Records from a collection
•••

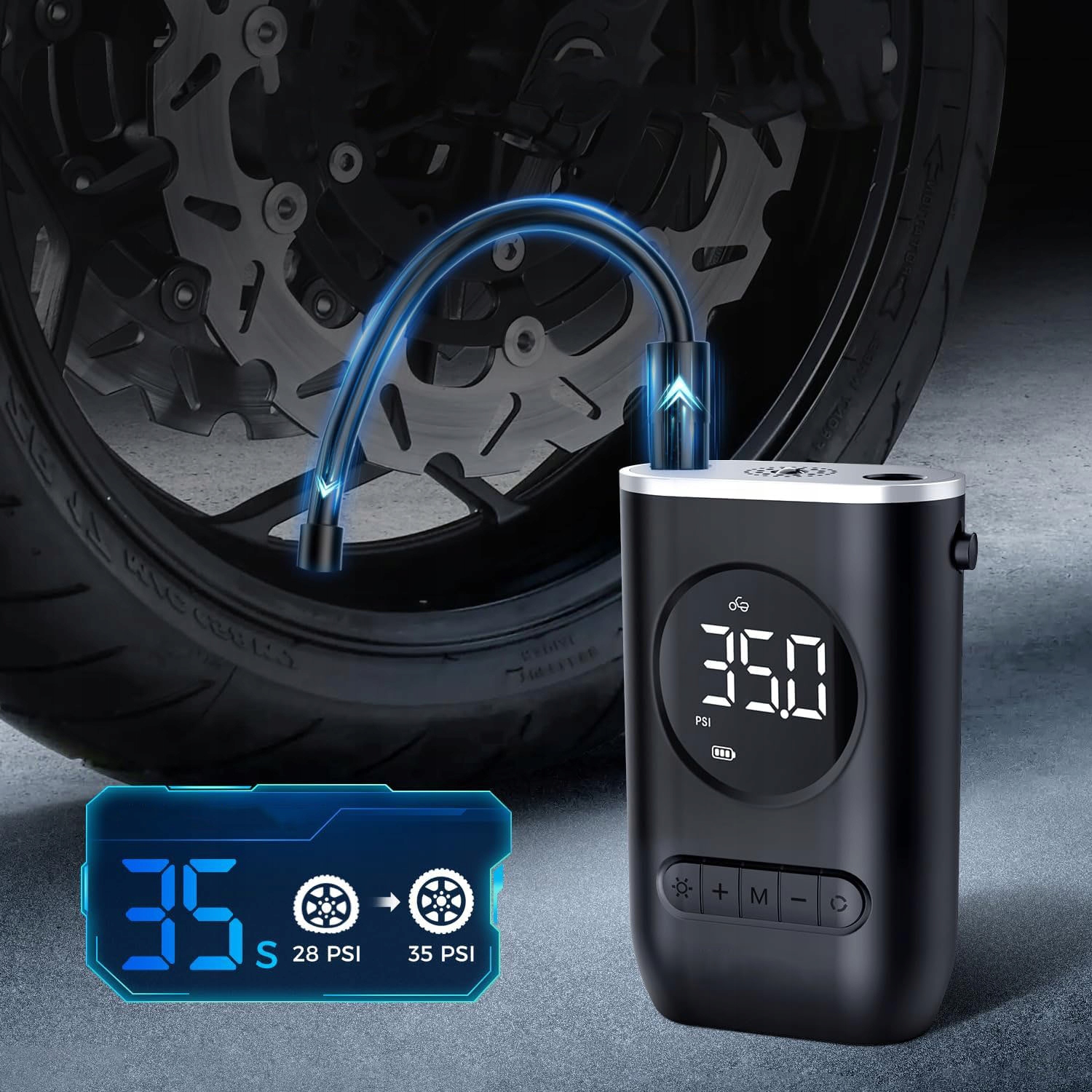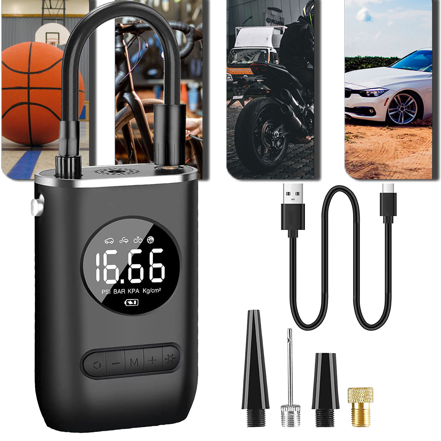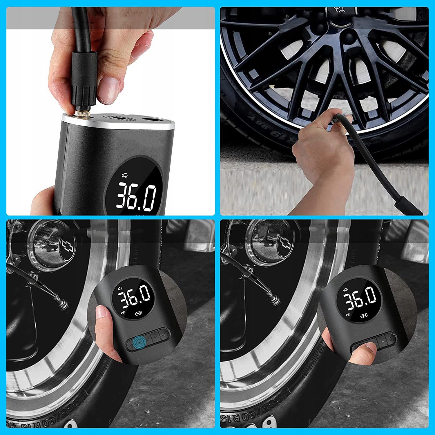 👍👍 Точний і безпечний -Автомобільний насос для шин має вбудований манометр і РК-екран , забезпечуючи точний моніторинг тиску в реальному часі. Він має зручне налаштування тиску в шинах і функцію автоматичного відключення для безпроблемного накачування шин. Автоматично зупиняється при досягненні бажаного тиску в шинах, запобігаючи надмірному накачуванню та забезпечуючи оптимальну продуктивність і безпеку шин. Насолоджуйтесь душевним спокоєм і безпроблемним накачуванням із цим надійним і ефективним повітряним насосом.
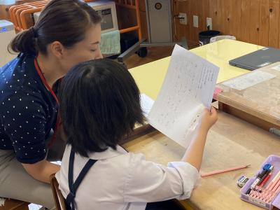 いなほ学級では,書いた作文を読み返して,おかしなところはないか確認していました。書くことは今年も力を入れて指導します。
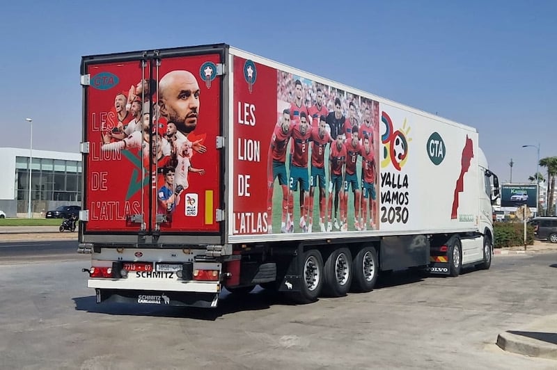 وأضاف: “في السياق نفسه، أي الترويج للمغرب، وعلى إثر شرف تنظيم كأس العالم لسنة 2030، خصصنا 10 شاحنات من أجل الترويج عالميا لهذا التنظيم، تحمل صورا للاعبي المنتخب المغربي وراية المغرب وخريطته بشكل بارز، مع عبارات إشهارية لوجهة المغرب السياحية”.
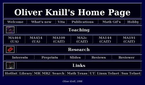 and distributing documents to the class, or for announcements. Here are snapshots for nostalgic reasons. The archived front pages are still accessible by clicking on them but further links do no more work. |
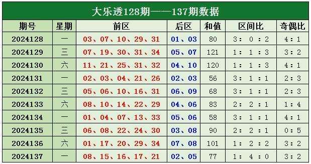 大乐透第2024137期出奖号统计:前区08、15、16、17、21,后区02、05。和值为77,区间比为1:4:0,奇偶比为3:2。
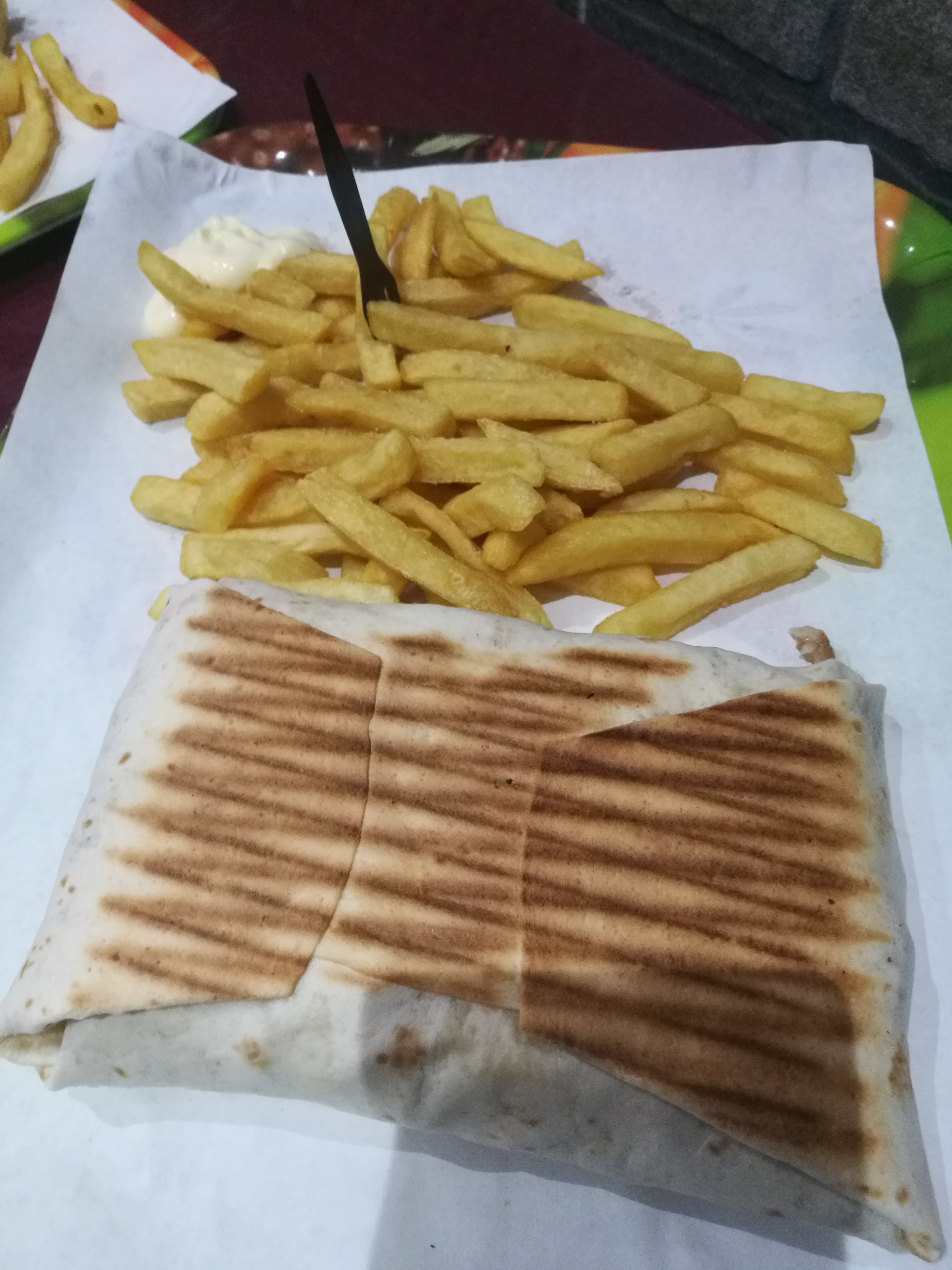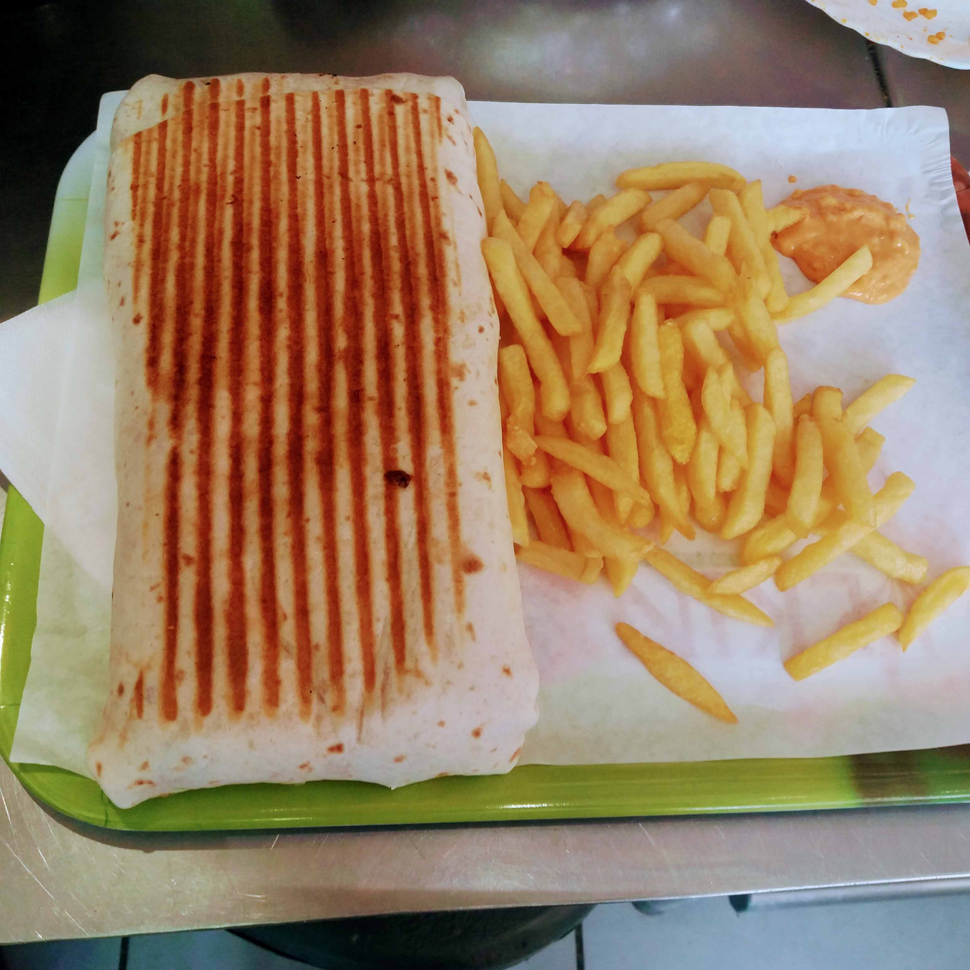 Kebab trop moyen. Je m'attendais à un pain rond comme dans tous les kebab. La sauce n'est pas terrible. Pas de frites fraîches.

•••

### YOUR OBJECTIVE:
Could you repeat, exactly and with nothing else, the lines from the first line of the records through the line containing "and distributing documents"? Leave out the pictures.

### REPLY TO THE EXERCISE:
 👍👍 Точний і безпечний -Автомобільний насос для шин має вбудований манометр і РК-екран , забезпечуючи точний моніторинг тиску в реальному часі. Він має зручне налаштування тиску в шинах і функцію автоматичного відключення для безпроблемного накачування шин. Автоматично зупиняється при досягненні бажаного тиску в шинах, запобігаючи надмірному накачуванню та забезпечуючи оптимальну продуктивність і безпеку шин. Насолоджуйтесь душевним спокоєм і безпроблемним накачуванням із цим надійним і ефективним повітряним насосом.
 いなほ学級では,書いた作文を読み返して,おかしなところはないか確認していました。書くことは今年も力を入れて指導します。
 وأضاف: “في السياق نفسه، أي الترويج للمغرب، وعلى إثر شرف تنظيم كأس العالم لسنة 2030، خصصنا 10 شاحنات من أجل الترويج عالميا لهذا التنظيم، تحمل صورا للاعبي المنتخب المغربي وراية المغرب وخريطته بشكل بارز، مع عبارات إشهارية لوجهة المغرب السياحية”.
 and distributing documents to the class, or for announcements. Here are snapshots for nostalgic reasons. The archived front pages are still accessible by clicking on them but further links do no more work. |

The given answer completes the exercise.